A lot of individuals are attracted to mutual funds as an investment where they can garner good returns and at the same time spread out risk. However, there are times when investors want or need access to their money within a short period and may not have an interest in offloading mutual fund shares. In such cases, they can borrow money against their mutual funds. This means they still can get their own money to use and let the investment continue to grow.
What is a Loan Against Mutual Funds?
A loan against mutual funds is a way to borrow money from a financial institution using your investments in the form of mutual funds as security. This way you still own your mutual funds and can take advantage of growth on them as well as earnings, but at the same time move into cash when necessary.
Benefits of Loan Against Mutual Funds
- Retain Investment Value: When you take a loan against mutual funds, it is important to note that no capital gains tax or future growth opportunity is lost. You are not converted to cash since you continue holding the mutual fund units. Meaning, your investments can be appreciated over the years.
- Loans with Mutual Funds are Not Rigid: The mutual fund loan typically allows you to pay your loans on the term of your choice. By doing so, you can save yourself some money and make loan payments that suit your financial circumstances.
- Impressive Interest Rates: A bank or any other lender will also offer a good interest rate if you take out loans against mutual funds. That makes them less expensive for when you need a loan as compared to unsecured loans or credit cards.
How to Take Loan Against Mutual Funds
- View the Collection of Your Mutual Fund: Before you apply for a loan, see how much your mutual funds are worth. Lenders use this to determine your borrowing limit. Banks allow a loan-to-value (LTV) of around 50%-80% on your mutual fund units.
- Check Lender Criteria: Every bank has its criteria for giving a loan on mutual funds. Typically, they require you to have a slight amount of funds invested in mutuals, an excellent credit score, as well as steady income. This means you would be well-advised to check that list of rules before going anywhere.
- Choose a Reputable Lender: Research and shop around for the right terms on mutual fund loans. Some aspects to consider would be the interest rates, term of the loan in years, fees for processing, and customer services or inclinations. Traditional lenders…traditional words for lending money are banks, NBFCs, and organizations providing loans.
- Submit Your Application: Once you select a lender, sign the loan application. You’ll have to provide information about your mutual fund investments, your financial situation in general, and some identification papers. The lender will evaluate your application and lend you a certain amount based on the market value of mutual fund units held by you.
- Give Collateral: Once your loan is approved by the lender, you need to give mutual fund units as collateral. The process entails transferring the units to the custody of, or creating a lien in favor of, the lender. The mutual funds would remain in your title nonetheless the lender can have a legal right to them until you repay the loan.
- Accept the Loan: Once you have locked your collateral, lenders will wire over the amount approved to your bank account. The lender wires the money to you, allowing quick access to your funds.
- Repay the Loan: Follow up with all your repayments that you had accepted. The key, of course, is to pay on time — else you may end up having to bear the fines or, worse, redemption of your mutual fund units. Track your repayments and manage this loan with a proactive relationship with the creditor.
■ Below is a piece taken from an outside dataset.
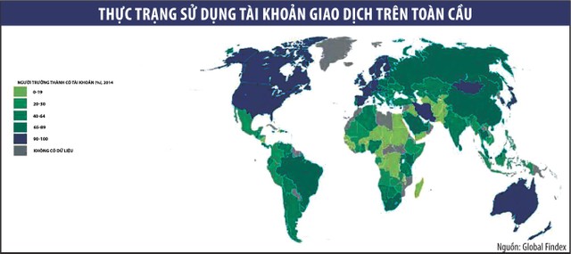 Cơ sở dữ liệu tài chính toàn cầu (Findex) cho thấy, mặc dù trong khoảng từ năm 2011 đến năm 2014 số người trưởng thành có tài khoản giao dịch đã tăng lên khoảng 700 triệu người, nhưng hiện nay còn gần 40% số người trưởng thành trên toàn thế giới - khoảng 2 tỷ người - vẫn không có tài khoản giao dịch để thực hiện thanh toán.

Here are some things to consider before you take out a loan against mutual funds
- How It Impacts Investment Growth: When it comes to borrowing loans with your mutual funds as collateral, this will affect their growth rather unconventionally. Furthermore, should your investments decrease in value, you could find yourself having problems repaying the loan or it may even impede your financial well-being as a whole.
- Interest rates and some additional costs: Loans secured by pledging your mutual funds tend to offer a good rate, but there are often hidden fees/charges that make borrowing more expensive than anticipated.
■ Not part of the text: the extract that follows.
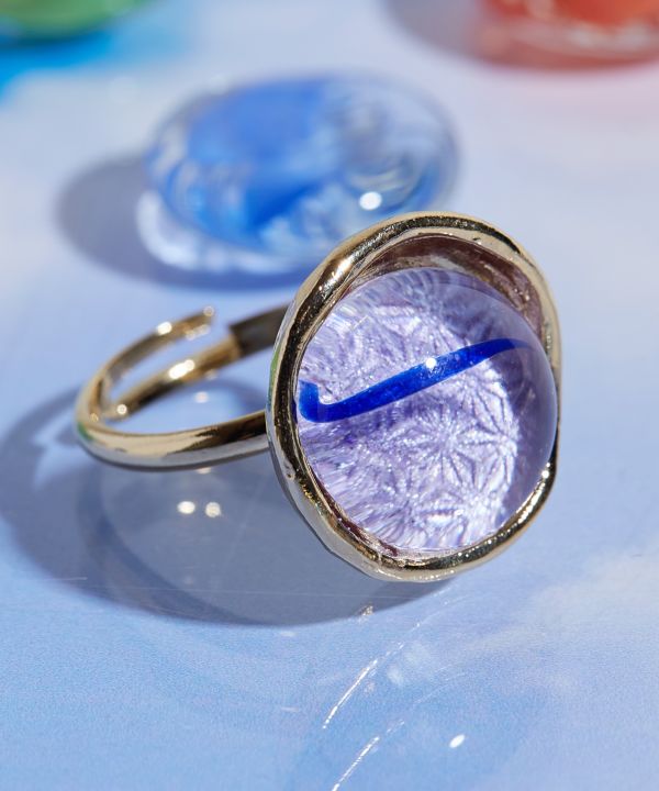 昔懐かしい遊び「おはじき」をモチーフにデザインされた、幼心をくすぐる可愛らしいガラスのリング。光をキラキラと反射する涼しげなアクセサリーは、夏のお出掛けをいっそう愉しくします。同じ色のピアスやイヤリングとあわせてのコーディネイトもおすすめです。

- LTV Ratio: It indicates how much you can borrow against the value of your mutual fund. A lower LTV ratio can be a problem as you have to pay more securities so that the amount of the loan gets increased only when there is an increase in your mutual funds’ prices.
- Repayment Terms: Look at repayment terms and check that they are appropriate for your financial situation. Consider the loan period, size of payments, and available methods of repayment.
- Tax Implications: A loan against mutual funds does not lead to immediate tax repercussions, however, you must evaluate the impact in the long term. This is an area you need to talk through with your finance planner as it fits into the grand scheme of where you are and what every option does for money planning.
Conclusion
In brief, borrowing against mutual funds without selling them gives a very good method of accessing finance while still having all your financial investments in place. Discover the process, benefits, and considerations so you can make an informed decision for your financial goals. Be sure to consult financial professionals and shop around for lenders who may be right for your situation. Borrowing against mutual funds can serve as a useful tool in your financial toolbox if it is managed and wisely planned correctly.